*** Block opens ***
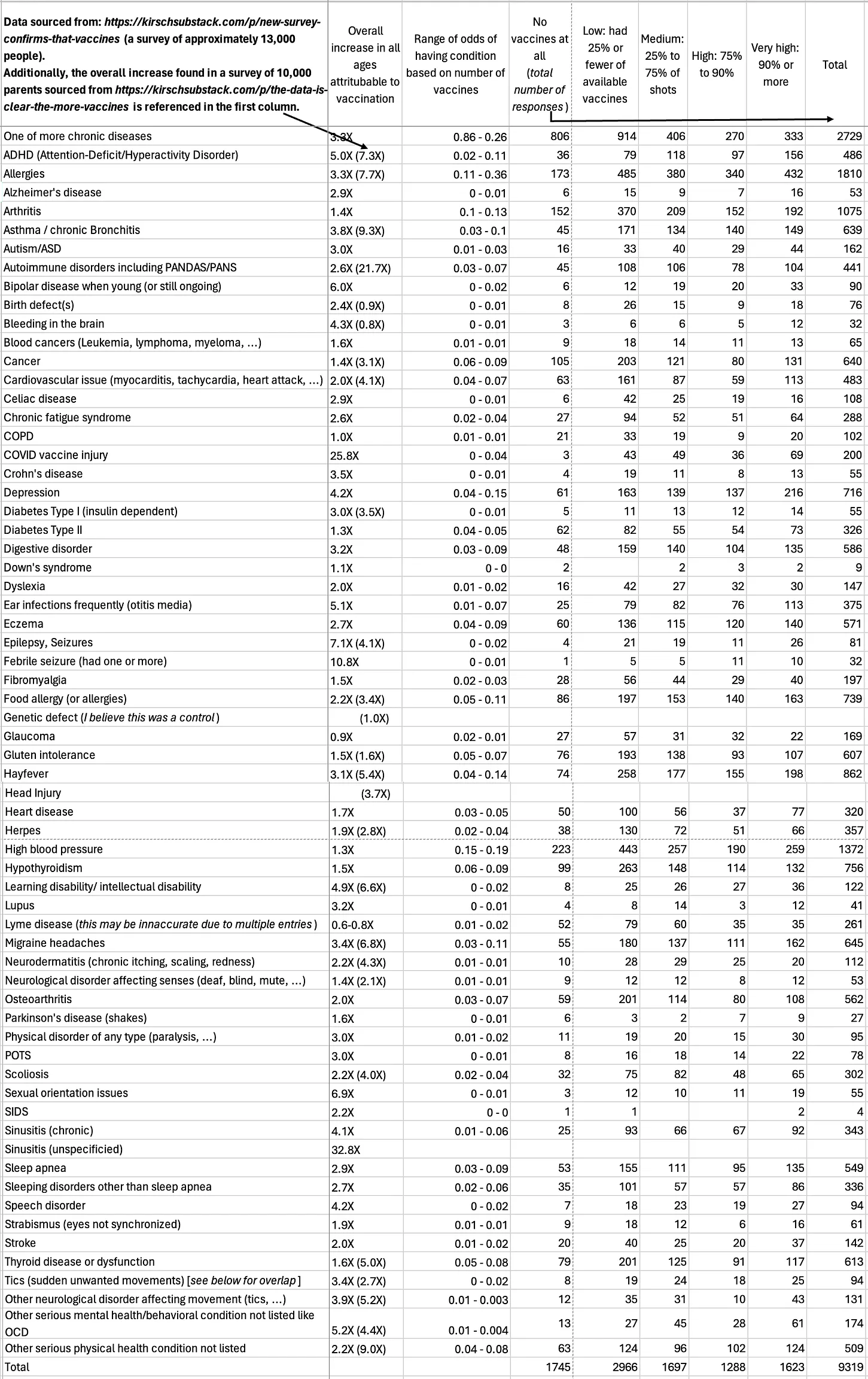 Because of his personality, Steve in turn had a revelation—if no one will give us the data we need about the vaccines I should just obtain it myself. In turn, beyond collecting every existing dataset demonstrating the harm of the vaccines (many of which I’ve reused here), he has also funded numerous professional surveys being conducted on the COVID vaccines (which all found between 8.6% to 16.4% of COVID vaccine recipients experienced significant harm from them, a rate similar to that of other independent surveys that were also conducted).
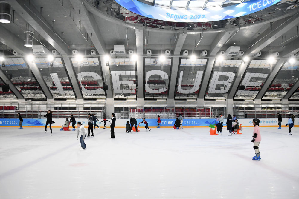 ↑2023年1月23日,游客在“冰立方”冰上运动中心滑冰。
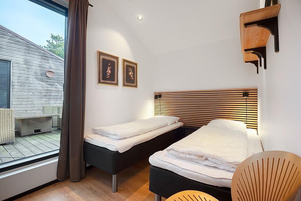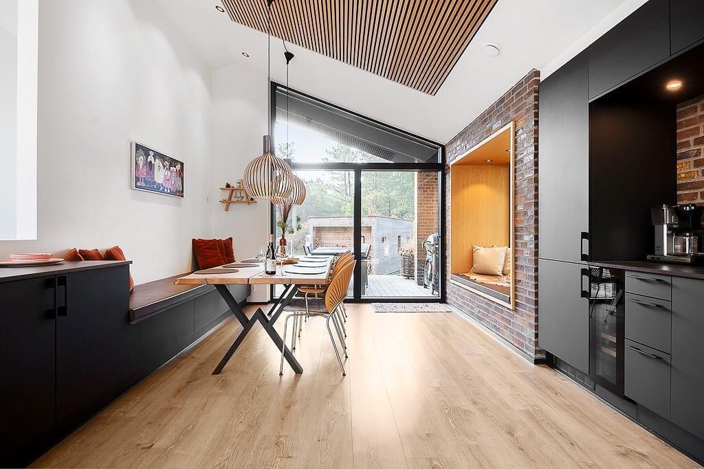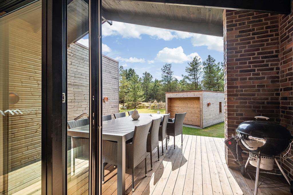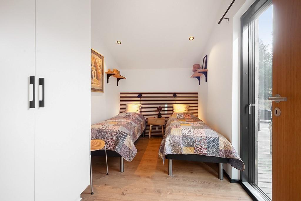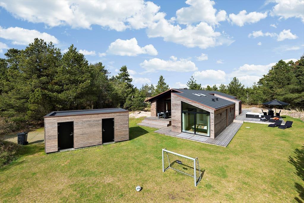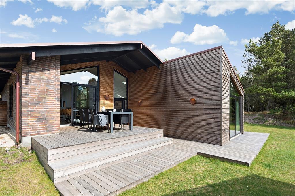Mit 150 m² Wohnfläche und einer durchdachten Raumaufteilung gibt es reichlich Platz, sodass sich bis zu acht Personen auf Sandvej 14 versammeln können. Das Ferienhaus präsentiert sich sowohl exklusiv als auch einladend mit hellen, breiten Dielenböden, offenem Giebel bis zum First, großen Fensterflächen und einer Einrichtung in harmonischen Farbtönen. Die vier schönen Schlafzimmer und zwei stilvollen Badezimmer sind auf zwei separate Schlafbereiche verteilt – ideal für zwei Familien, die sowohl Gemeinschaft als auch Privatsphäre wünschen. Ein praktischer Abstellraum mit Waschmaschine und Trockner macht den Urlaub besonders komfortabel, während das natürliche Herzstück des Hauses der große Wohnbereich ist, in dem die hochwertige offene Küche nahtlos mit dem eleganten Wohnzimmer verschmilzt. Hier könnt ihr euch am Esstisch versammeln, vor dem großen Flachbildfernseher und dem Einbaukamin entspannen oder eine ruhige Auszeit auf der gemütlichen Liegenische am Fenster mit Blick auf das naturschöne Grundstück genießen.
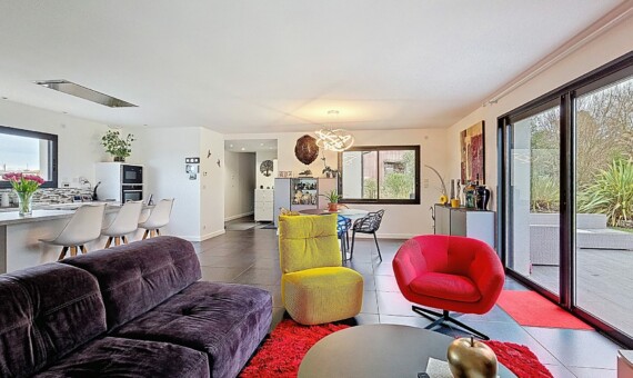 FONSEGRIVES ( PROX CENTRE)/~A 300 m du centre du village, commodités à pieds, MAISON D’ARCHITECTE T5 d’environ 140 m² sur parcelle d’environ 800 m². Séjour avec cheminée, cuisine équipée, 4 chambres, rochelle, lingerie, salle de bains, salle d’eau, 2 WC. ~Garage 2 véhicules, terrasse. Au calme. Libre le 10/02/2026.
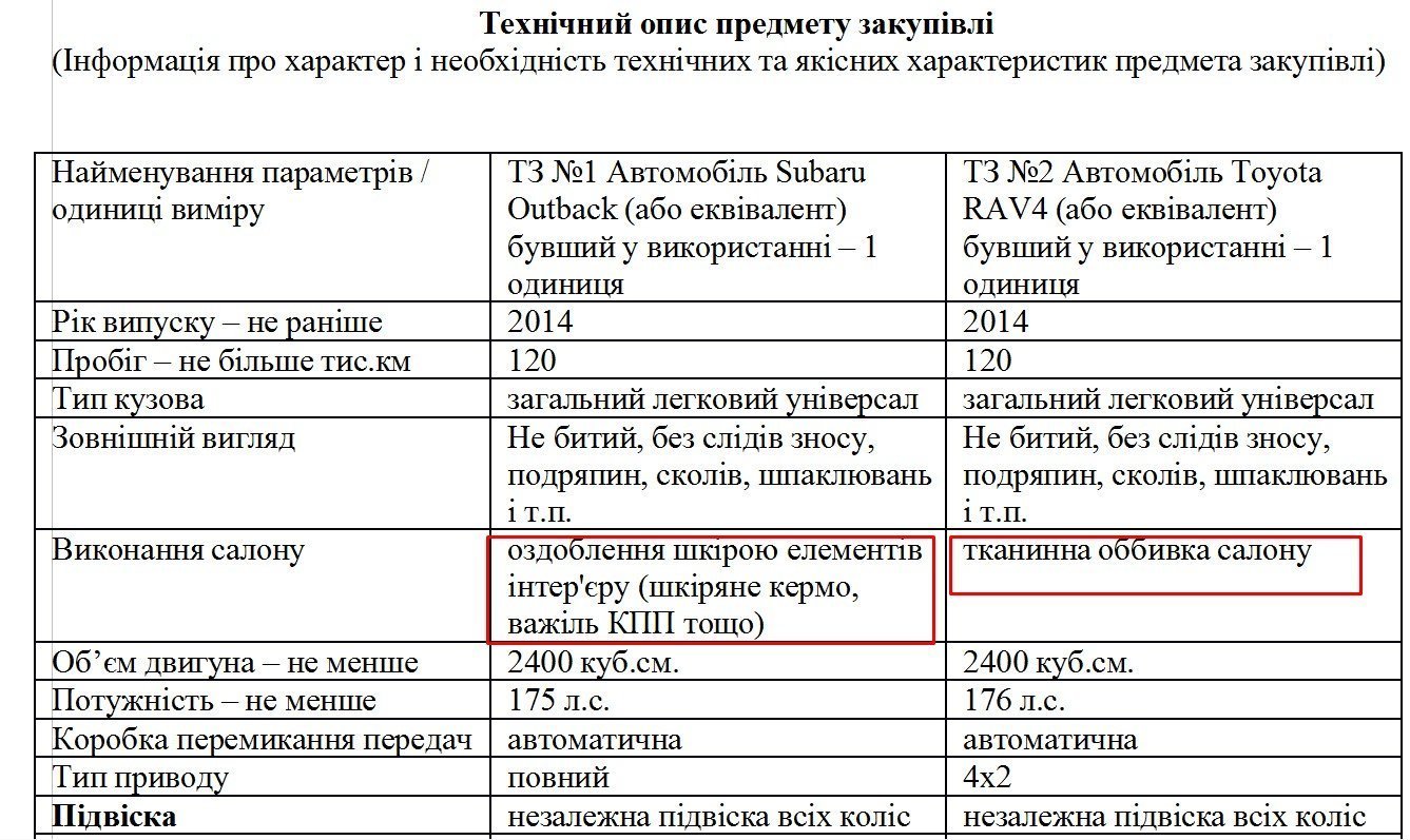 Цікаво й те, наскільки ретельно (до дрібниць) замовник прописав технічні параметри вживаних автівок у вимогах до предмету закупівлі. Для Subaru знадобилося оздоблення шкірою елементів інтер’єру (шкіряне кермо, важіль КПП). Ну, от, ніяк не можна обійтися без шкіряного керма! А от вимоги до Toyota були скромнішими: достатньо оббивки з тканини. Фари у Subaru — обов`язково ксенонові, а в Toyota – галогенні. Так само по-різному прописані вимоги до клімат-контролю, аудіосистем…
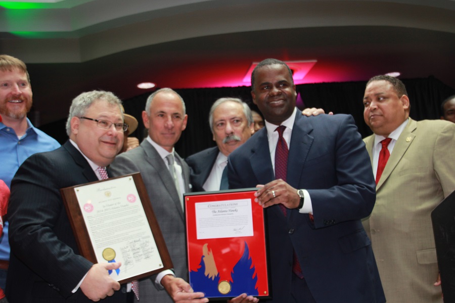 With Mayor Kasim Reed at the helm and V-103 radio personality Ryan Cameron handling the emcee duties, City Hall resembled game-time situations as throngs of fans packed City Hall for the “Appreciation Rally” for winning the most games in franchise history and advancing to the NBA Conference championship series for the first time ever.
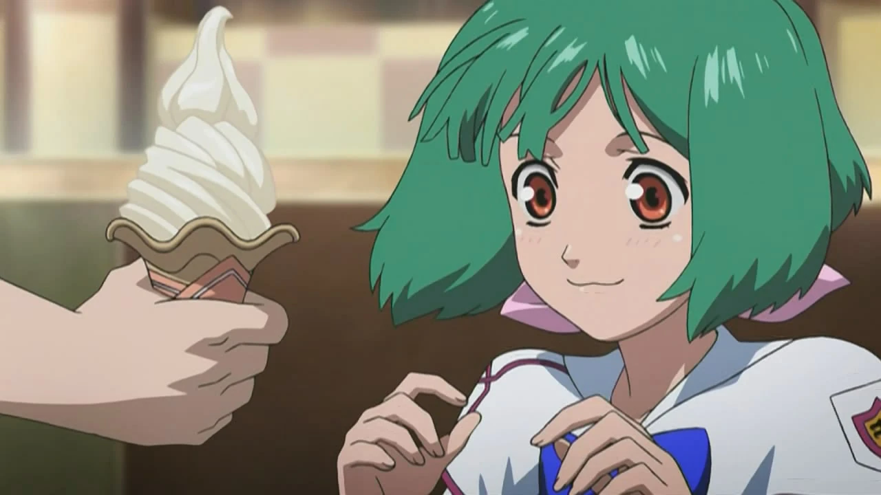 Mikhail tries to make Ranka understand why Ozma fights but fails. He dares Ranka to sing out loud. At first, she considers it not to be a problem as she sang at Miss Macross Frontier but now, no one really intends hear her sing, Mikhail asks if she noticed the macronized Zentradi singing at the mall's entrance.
*** Block closes ***
● ACTION ITEM: If a record holds a picture, leave the picture out and copy the rest exactly.

● OUTPUT:
 Because of his personality, Steve in turn had a revelation—if no one will give us the data we need about the vaccines I should just obtain it myself. In turn, beyond collecting every existing dataset demonstrating the harm of the vaccines (many of which I’ve reused here), he has also funded numerous professional surveys being conducted on the COVID vaccines (which all found between 8.6% to 16.4% of COVID vaccine recipients experienced significant harm from them, a rate similar to that of other independent surveys that were also conducted).
 ↑2023年1月23日,游客在“冰立方”冰上运动中心滑冰。
Mit 150 m² Wohnfläche und einer durchdachten Raumaufteilung gibt es reichlich Platz, sodass sich bis zu acht Personen auf Sandvej 14 versammeln können. Das Ferienhaus präsentiert sich sowohl exklusiv als auch einladend mit hellen, breiten Dielenböden, offenem Giebel bis zum First, großen Fensterflächen und einer Einrichtung in harmonischen Farbtönen. Die vier schönen Schlafzimmer und zwei stilvollen Badezimmer sind auf zwei separate Schlafbereiche verteilt – ideal für zwei Familien, die sowohl Gemeinschaft als auch Privatsphäre wünschen. Ein praktischer Abstellraum mit Waschmaschine und Trockner macht den Urlaub besonders komfortabel, während das natürliche Herzstück des Hauses der große Wohnbereich ist, in dem die hochwertige offene Küche nahtlos mit dem eleganten Wohnzimmer verschmilzt. Hier könnt ihr euch am Esstisch versammeln, vor dem großen Flachbildfernseher und dem Einbaukamin entspannen oder eine ruhige Auszeit auf der gemütlichen Liegenische am Fenster mit Blick auf das naturschöne Grundstück genießen.
 FONSEGRIVES ( PROX CENTRE)/~A 300 m du centre du village, commodités à pieds, MAISON D’ARCHITECTE T5 d’environ 140 m² sur parcelle d’environ 800 m². Séjour avec cheminée, cuisine équipée, 4 chambres, rochelle, lingerie, salle de bains, salle d’eau, 2 WC. ~Garage 2 véhicules, terrasse. Au calme. Libre le 10/02/2026.
 Цікаво й те, наскільки ретельно (до дрібниць) замовник прописав технічні параметри вживаних автівок у вимогах до предмету закупівлі. Для Subaru знадобилося оздоблення шкірою елементів інтер’єру (шкіряне кермо, важіль КПП). Ну, от, ніяк не можна обійтися без шкіряного керма! А от вимоги до Toyota були скромнішими: достатньо оббивки з тканини. Фари у Subaru — обов`язково ксенонові, а в Toyota – галогенні. Так само по-різному прописані вимоги до клімат-контролю, аудіосистем…
 With Mayor Kasim Reed at the helm and V-103 radio personality Ryan Cameron handling the emcee duties, City Hall resembled game-time situations as throngs of fans packed City Hall for the “Appreciation Rally” for winning the most games in franchise history and advancing to the NBA Conference championship series for the first time ever.
 Mikhail tries to make Ranka understand why Ozma fights but fails. He dares Ranka to sing out loud. At first, she considers it not to be a problem as she sang at Miss Macross Frontier but now, no one really intends hear her sing, Mikhail asks if she noticed the macronized Zentradi singing at the mall's entrance.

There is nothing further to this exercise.